Thursday, November 12, 2009

Tip for repackaging commercial software

Where I work, we like everything to be in a package. It allows for unattended and repeatable installations, dependencies, and easy removal. You also get to ensure that the software is installed in the correct location on your servers, rather than whatever ridiculous location the vendor thought should be used. RPM is our package format of choice.

If we need to install a new piece of software that someone has brought into the company, the first thing we do is repackage it into an RPM. Commercial software is almost never provided as an RPM to begin with, particularly if it has a really large footprint. The bigger the footprint, the stupider the packaging.

However, one thing about the rpmbuild command that is not very helpful in repackaging commercial code is that it attempts to strip ELF binaries before it adds them to the package. We do not want to modify commercial software, we just want to repackage it. You never know what kind of idiocy is being perpetrated in commercial software. They may depend on those symbols somehow! Or maybe there is a file in the package that is not actually an elf library, and causes brp-strip to choke.
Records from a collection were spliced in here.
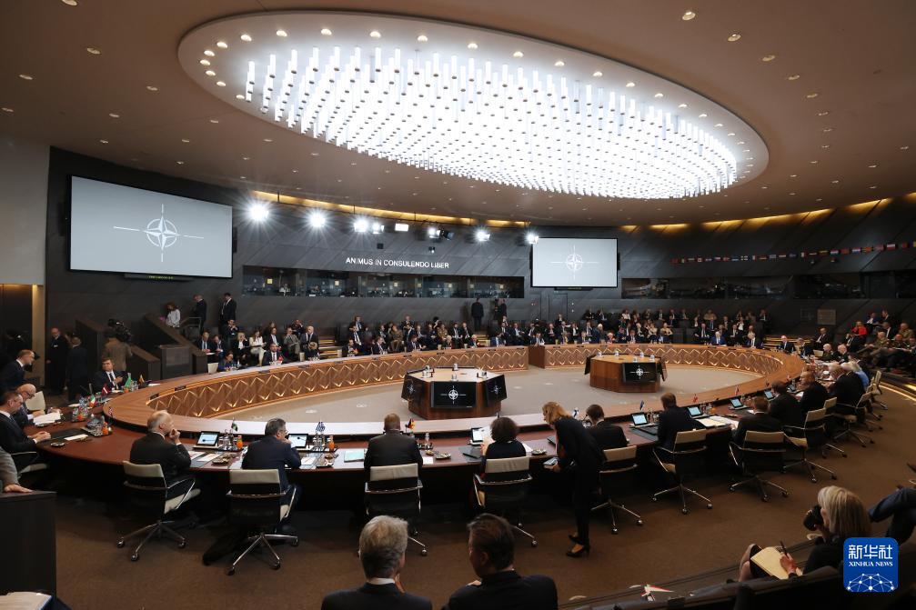 这是6月14日在比利时布鲁塞尔北约总部拍摄的北约防长会现场。新华社记者 赵丁喆 摄
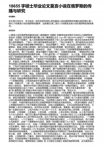 18655字硕士毕业论文莫言小说在俄罗斯的传播与研究
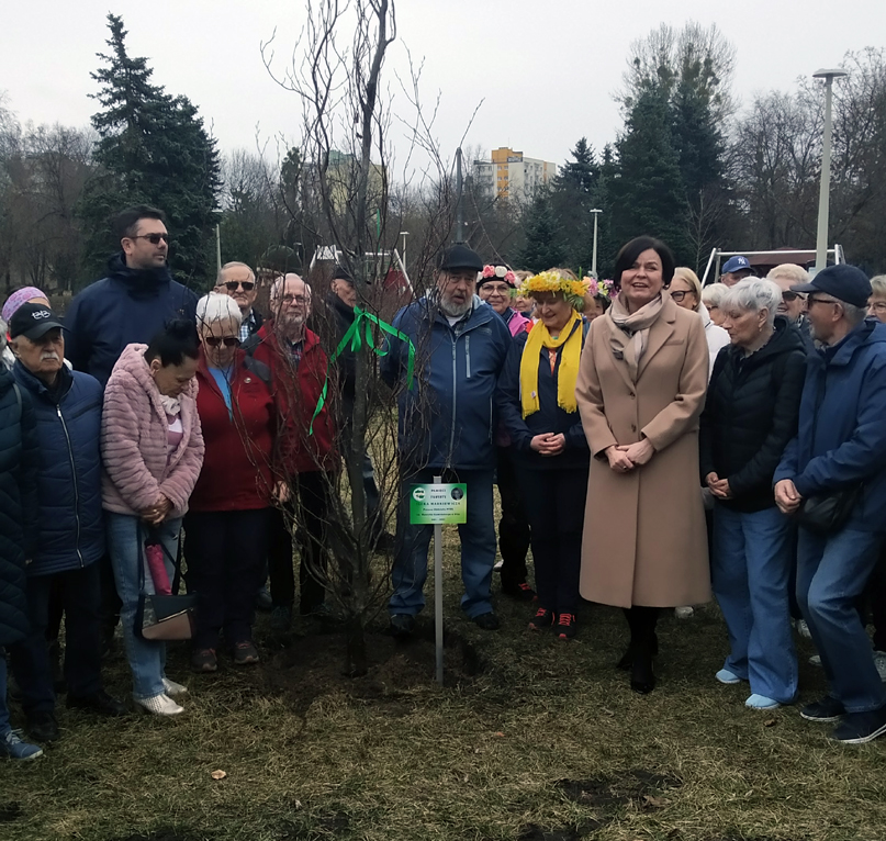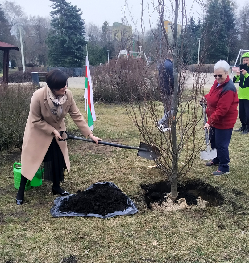 W ruch poszły łopaty, potem konewka by podlać świeżo posadzone drzewko, osadzono pamiątkową tabliczkę i ozdobiono pień drzewa zieloną kokardą, kolorem budzącej się do życia wiosny.
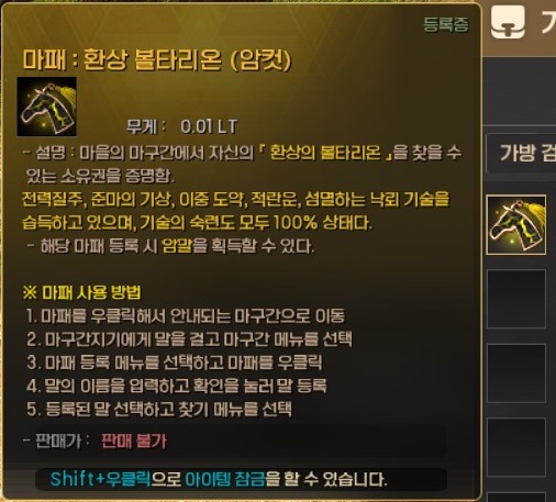 ※ 볼타리온은 마시장에 등록하여 판매할 수 없습니다.
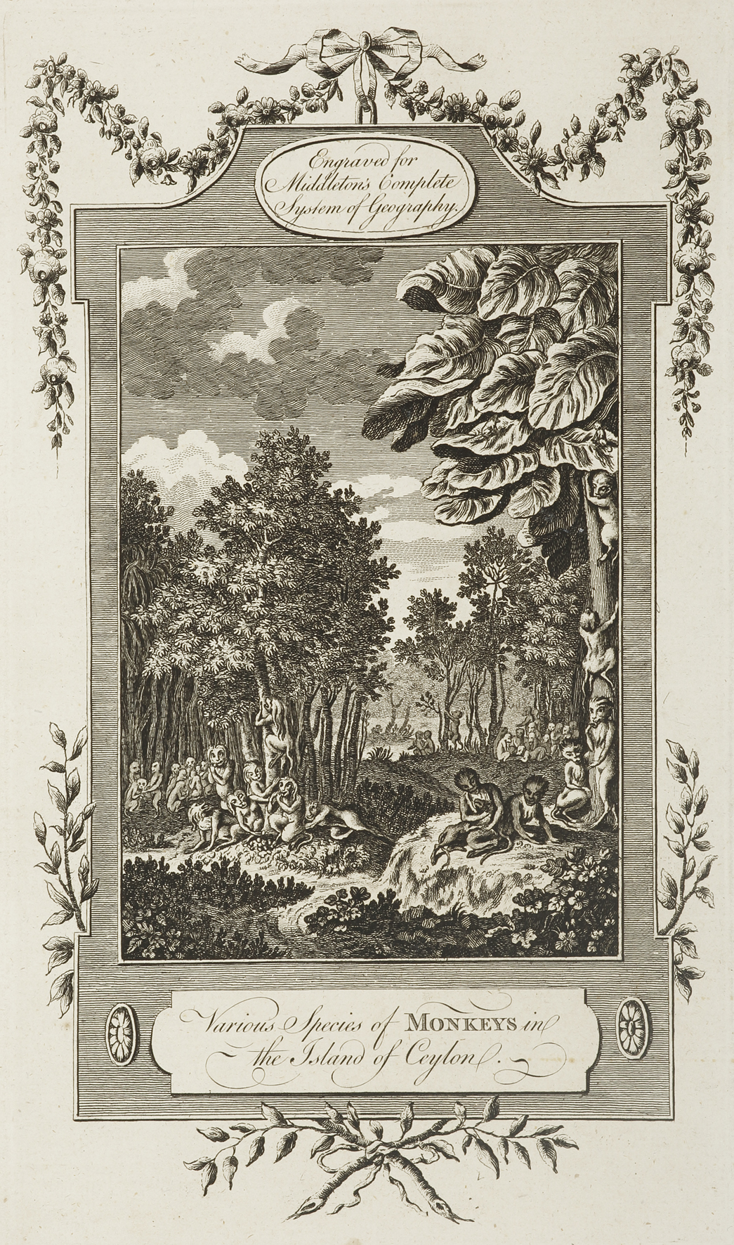 Scene showing various species of monkeys in Ceylon. From Charles Theodore Middleton’s A Complete System of Geography.
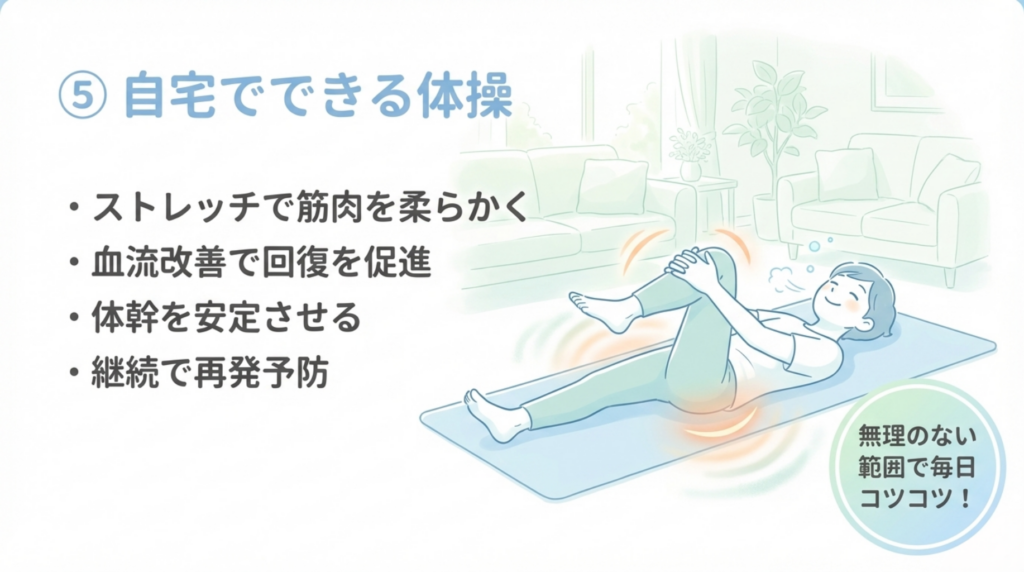 整体での施術効果を維持し、ご自身の力で坐骨神経痛の改善を促進するためには、ご自宅で継続できる体操やストレッチが非常に有効です。整体院では、お一人おひとりの体の状態や痛みの程度に合わせて、安全かつ効果的な体操を丁寧に指導いたします。
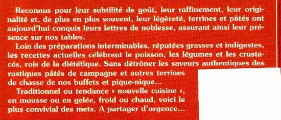 Reconnus pour leur subtilité de goût, leur raffinement, leur originalité et, de plus en plus souvent, leur légèreté, terrines et pâtés ont aujourd'hui conquis leurs lettres de noblesse, assurant ainsi leur présence sur nos tables. Loin des préparations interminables, réputées grasses et indigestes, les recettes actuelles célèbrent le poisson, les légumes et les crustacés, rois de la diététique. Sans détrôner les saveurs authentiques des rustiques pâtés de campagne et autres terrines de chasse de nos buffets et pique-nique... Traditionnel ou tendance « nouvelle cuisine», en mousse ou en gelée, froid ou chaud, voici le plus convivial des mets. A partager d'urgence...
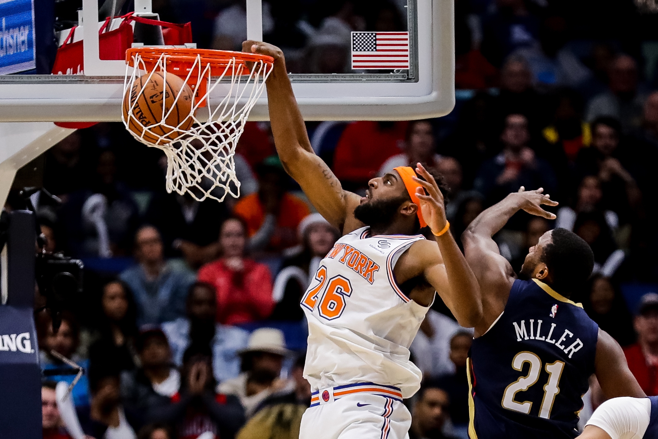 Nov 16, 2018; New Orleans, LA, USA; New York Knicks center Mitchell Robinson (26) dunks the ball against New Orleans Pelicans forward Darius Miller (21) in the second half at Smoothie King Center. Mandatory Credit: Stephen Lew-USA TODAY Sports / Stephen Lew
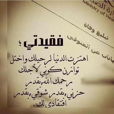 دعاء” اللهم أنزل على أهله الصبر والسلوان، وامنحهم الرضا بقضائك، وثبّتهم على القول الثابت، وكن لهم معينًا وسندًا في مصابهم”
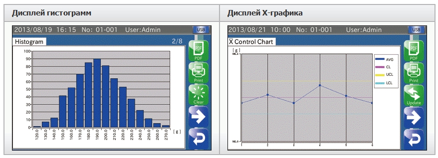 Также предусмотрена возможность вывода гистограмм, контрольных графиков и отчетов на карту памяти USB в формате PDF.
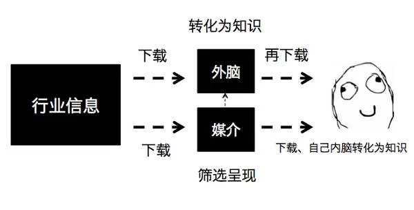 外脑:专家、咨询公司/券商等专业分析机构处理信息后转化为知识,我们再来下载。其中,外脑也会从外部媒介中获取一部分信息,纳入自己的知识体系。
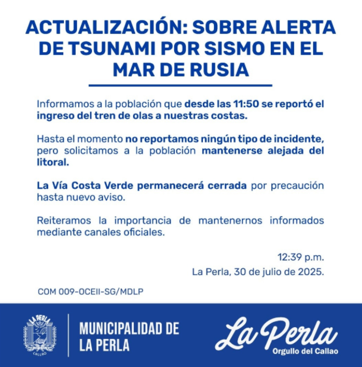 La Municipalidad de La Perla emitió una actualización tras la alerta de tsunami y el ingreso del tren de olas registrado a las 11:50 a.m. En su comunicado, informó que “no se ha reportado ningún tipo de incidente, pero solicitamos a la población mantenerse alejada del litoral”. Asimismo, recordó que la vía Costa Verde permanecerá cerrada hasta nuevo aviso.
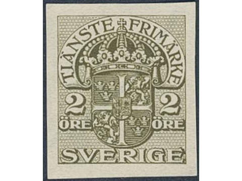 Sweden. Official Facit Tj41 P (★), 2 öre imperforated colour proof with watermark lines. Scarce.
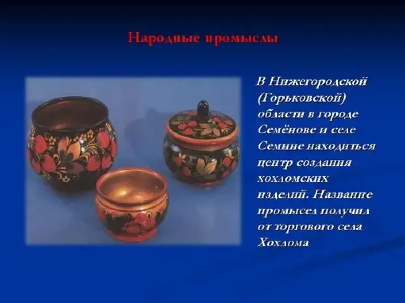 Сегодня мы познакомимся с известным промыслом не только в нашей стране но и далеко за её пределами, промысел этот называется "Золотая хохлома". Эта роспись по дереву золотым, красным, чёрным цветом появилась в 16 веке близ Городца в сёле Хохлома, в Нижегородской (Горьковской) области в городе Семёнове и селе Семине находиться центр создания хохломских изделий. Название промысел получил от торгового села Хохлома. < слайд 2 >.
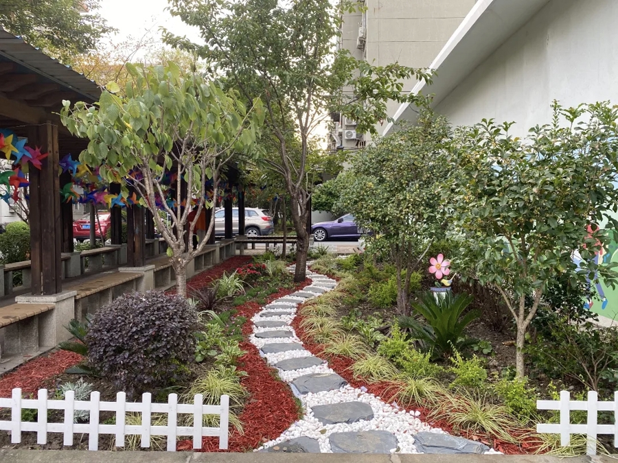 项目团队召开两场居民座谈会后,确定了改造方案,增设遮阳凉亭,并在凉亭内添置6 张彩虹休闲长椅,兼顾耐用性与舒适度。为了让环境更舒适,基金会同步启动“悦花园” 项目,在旁边开辟10平方米的小花坛,种植月季、绣球等易养护的花卉,搭配绿色灌木,打造 “凉亭+花园”的休闲组合。就这样,曾经黯淡的角落,成了居民喜爱的“休闲小天地”。
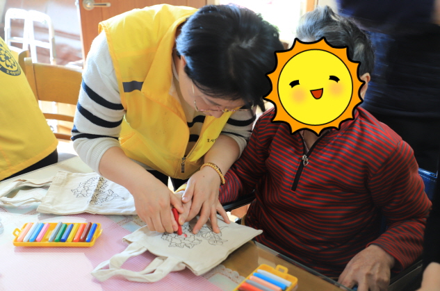 어르신들께 인사를 드리고 1:1로 짝꿍을 맺어서 가방을 예쁘게 색칠하고 담소도 나누는 시간을 보냈다.
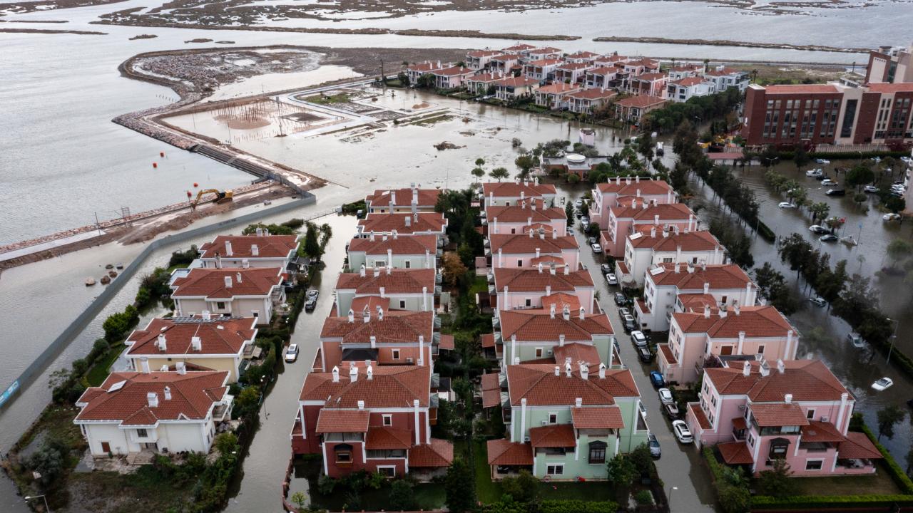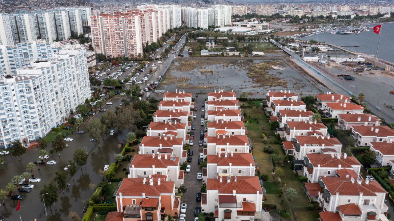 Sahildeki sitelerin bahçeleri suyla dolarken, cadde ve sokaklar da sular altında kaldı.
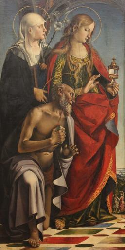 Keywords: Signorelli, St Augustine Altarpiece left.jpg Artwork Creator Luca Signorelli de Im Gegensatz zum linken Flügel sind die Heiligen hier parallel angeordnet der hl Hieronymus ist im Vordergrund links 1491 oil poplar size cm 146 5 75 5 Gemäldegalerie Berlin XVIII http //www bpk-images de/shop bpkgate picturemaxx com search 00022962<br>http //www spk-digital de/showDetail html id 22/bam/museum/smb/gg/00022962 22 Stiftung Preußischer Kulturbesitz<br> 02552278 Teil 001 http //www wga hu/html/s/signorel/various/61bichi html Web Gallery of Art<br>Laurence B Kanter Tom Henry Luca Signorelli; Hirmer München 2002 p 21 168 169 object history from Cappella Bichi Sant'Agostino Siena <br>-1821 private Collection Berlin London<br> ProvenanceEvent 1821 acquisition credit line Christophorus geweihten Bichi-Kapelle in Sant'Agostino Siena wurde 1487 von Antonio di Giovanni Bichi stellvertretend für seine Tochter Eustachia für deren 1482 verstorbenen Gatten Cristoforo di Pietro Bellanti gestiftet Vermutlich wurde der Altar im 18 Jahrhundert zerteilt The altarpiece from the Bichi chapel in Sant'Agostino Siena was consecrated to Saint Christopher and donated 1487 by Antonio di Giovanni Bichi as representative for his daughter Eustachia for her husband Cristoforo di Pietro Bellanti who had died in 1482 Presumably the altar was divided in the 18th-century accession number 79 own <gallery> Signorelli sacra famiglia di parte guelfa uffizi diam 124 cm jpg Luca signorelli Madonna and Child Saints John the Baptist and Jerome jpg </gallery> PD-old-100 painting religious Italian 1451-1500 DEFAULTSORT Signorelli St Augustine Altarpiece - left wing Pala Bichi by Luca Signorelli 010 Paintings by Luca Signorelli Paintings in the Gemäldegalerie Berlin - Room XVIII Reredos in Germany Paintings of Mary Magdalene as Myrrhbearer Renaissance paintings of Saint Jerome Sacra Conversazione with Saint Jerome 1491 paintings 1490s paintings from Italy 1490s paintings in Germany 15th-century paintings of Mary Magdalene 15th-century paintings of Saint Jerome 15th-century religious paintings in Germany |
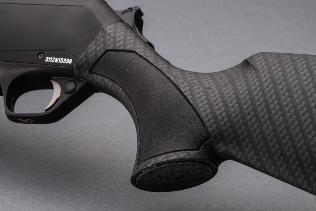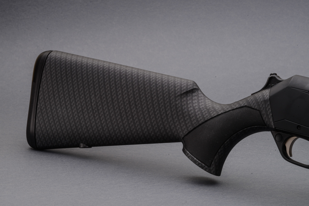 La calciatura è in polimero ricoperto di un film che ricorda in maniera molto realistica la fibra di carbonio; su pistola e astina – a tulipano – sono presenti inserti in gomma molto grippanti. È disponibile anche in allestimento mancino ma solo nei calibri .308 W e .30-06 S, non nel 9,3×62 camerato nell’arma provata. Al termine della pala spicca il calciolo Inflex II disponibile negli spessori di 12, 20 e 25 millimetri; in partenza è montato quello da 20 mm che porta a una Lop di 360 mm. La densità del calciolo è pensata per deviare le forze del rinculo verso il basso, allontanando leggermente il calcio dal viso del tiratore allo scopo di ridurre il rinculo percepito e il movimento della canna verso l’alto.
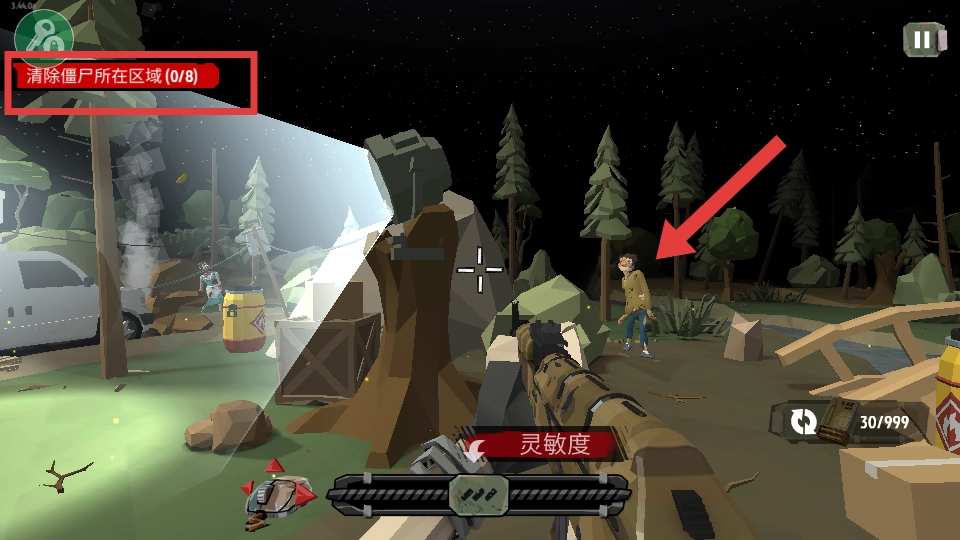 1. 依照【清除僵尸所在区域 - 0/8】任务的提示,运用枪械对场景里的僵尸展开攻击,依次把8个区域的僵尸清理完毕。
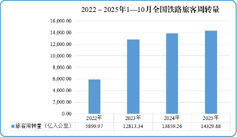 圖2 2022—2025年1—10月全國(guó)鐵路旅客周轉(zhuǎn)量
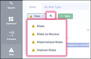 E.g.: filters available in a card list of Risks in the HOPEX GRC desktop.
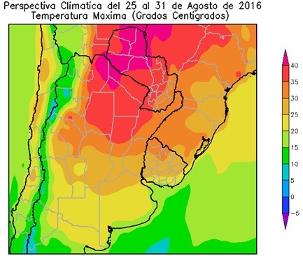 Al comienzo de la segunda etapa de la perspectiva, retornarán los vientos del norte, causando un marcado ascenso de la temperatura. La mayor parte del Paraguay, el este de Salta, la mayor parte de Santiago del Estero, la mayor parte de la Región del Chaco, el oeste de Corrientes, el nordeste de Córdoba y el norte de Santa Fe, experimentarán temperaturas máximas superiores a 35°C con focos con valores superiores a 40°C.
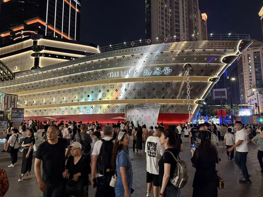 今年6月25日,全球最大的国际品牌集团路威酩轩(LVMH)旗下路易威登(LV)品牌在上海揭幕全新概念地标“路易号”。这艘独一无二的“巨轮”,迅速引爆社交媒体,成为申城最热打卡点,并激发全城商业活力。统计数据显示,4个月来,“路易号”所在的兴业太古汇日均客流高达8至10万人次,南京西路商圈日均客流超50万人次,周边重点商场客流同比增长超50%,销售额普遍实现翻倍增长。
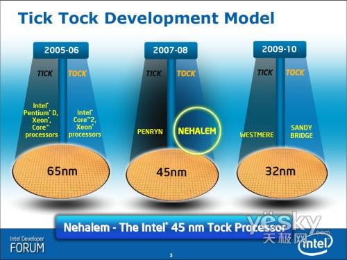 根據(jù)Intel處理器Tick Tock的發(fā)展節(jié)奏:每?jī)赡旮乱淮⒓軜?gòu)、每?jī)赡旮乱淮栊酒a(chǎn)工藝、微架構(gòu)和硅芯片工藝更新交替進(jìn)行,08年是偶數(shù)年,是到了更新微架構(gòu)的年份,新的Nehalem微體系架構(gòu)已于去年10月來(lái)到了廣大消費(fèi)者的面前。

To prevent this behavior, this little trick will do it:

Just in case that link doesn't last, you just write these definitions at the top of your spec file:


%define __spec_install_post /usr/lib/rpm/brp-compress || :
%define debug_package %{nil}

Apparently Dag Wieers deserves credit for that hack. Coincidentally, Dag is also the developer of mrepo, which is the greatest little program you've never heard of. It creates and updates APT and YUM repos.

3 comments:

KateMadd/skmckinn said...

Damn, man. Every time they slip you something as a "substitute" for the elf library, the magic just won't happen. You're all ready, you push up your sleeves, and right at the crucial moment, you realize the grimoire you need isn't there. The call number corresponds to _Soda Bread Recipes of Nova Scotia_, or some shit.

Digitizdat said...

Wow - grimoire... What an awesome word. Old French grammaire - i.e. grammar. I had no idea that the word "glamor" is related. Its definitions are congruent in such strange ways.

KateMadd/skmckinn said...

Yeah. It's a French thing. I learned that word watching Les Schtroumpfs in France with two boys--ages 3 and 7.
Gargamel
and Le Grand Schtroumpf both have their own grimoires.

Kids shows are great when you're learning a language.